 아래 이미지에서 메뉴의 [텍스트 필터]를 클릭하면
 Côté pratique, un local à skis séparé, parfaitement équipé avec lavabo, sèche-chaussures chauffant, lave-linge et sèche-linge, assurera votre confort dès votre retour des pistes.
...
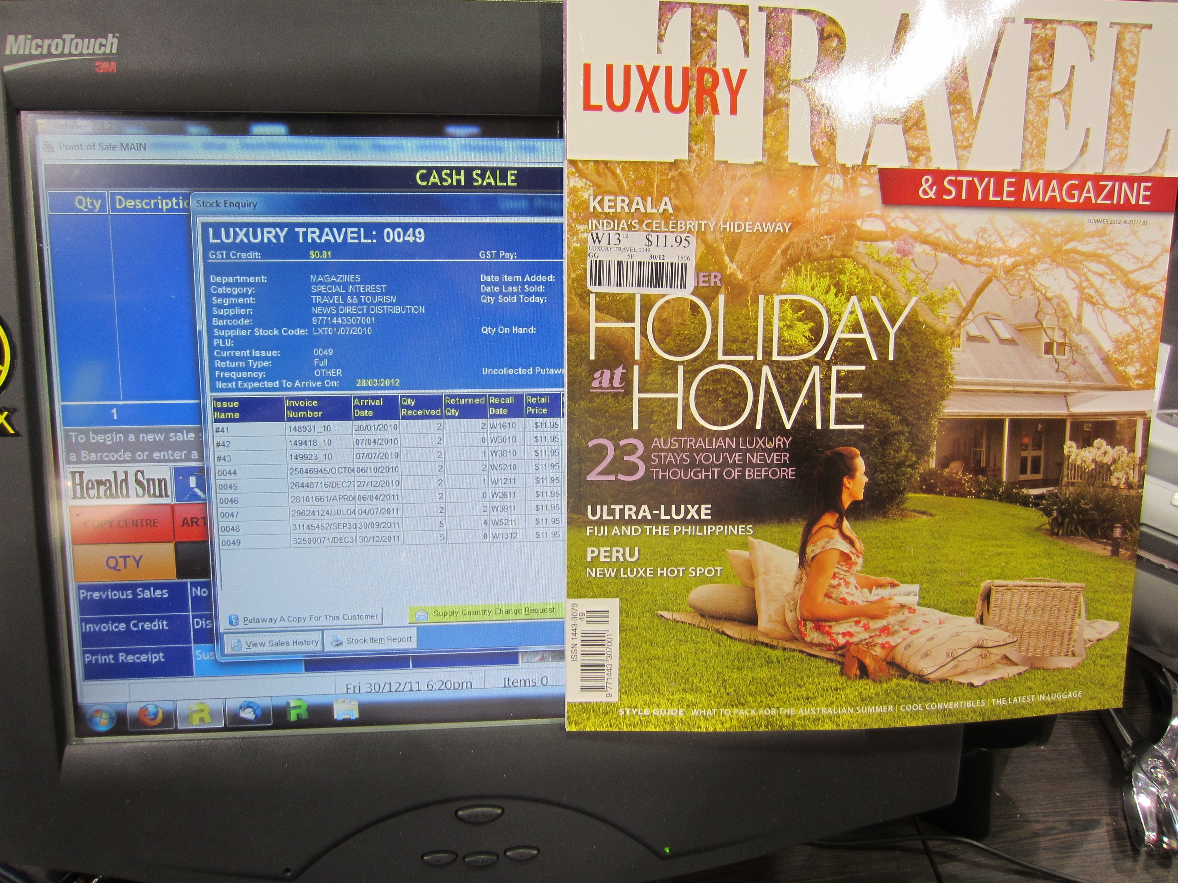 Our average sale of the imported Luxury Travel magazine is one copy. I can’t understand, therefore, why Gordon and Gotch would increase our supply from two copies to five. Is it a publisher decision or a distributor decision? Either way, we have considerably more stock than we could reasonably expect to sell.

*PROBLEM DETAILS:* Begin at the line above that has "아래 이미지에서 메뉴의 [텍스트 필터]를 클릭하면" and stop after the line that has "Côté pratique, un", copying each line exactly and adding nothing else.

*RESPONSE BOX:*
 아래 이미지에서 메뉴의 [텍스트 필터]를 클릭하면
 Côté pratique, un local à skis séparé, parfaitement équipé avec lavabo, sèche-chaussures chauffant, lave-linge et sèche-linge, assurera votre confort dès votre retour des pistes.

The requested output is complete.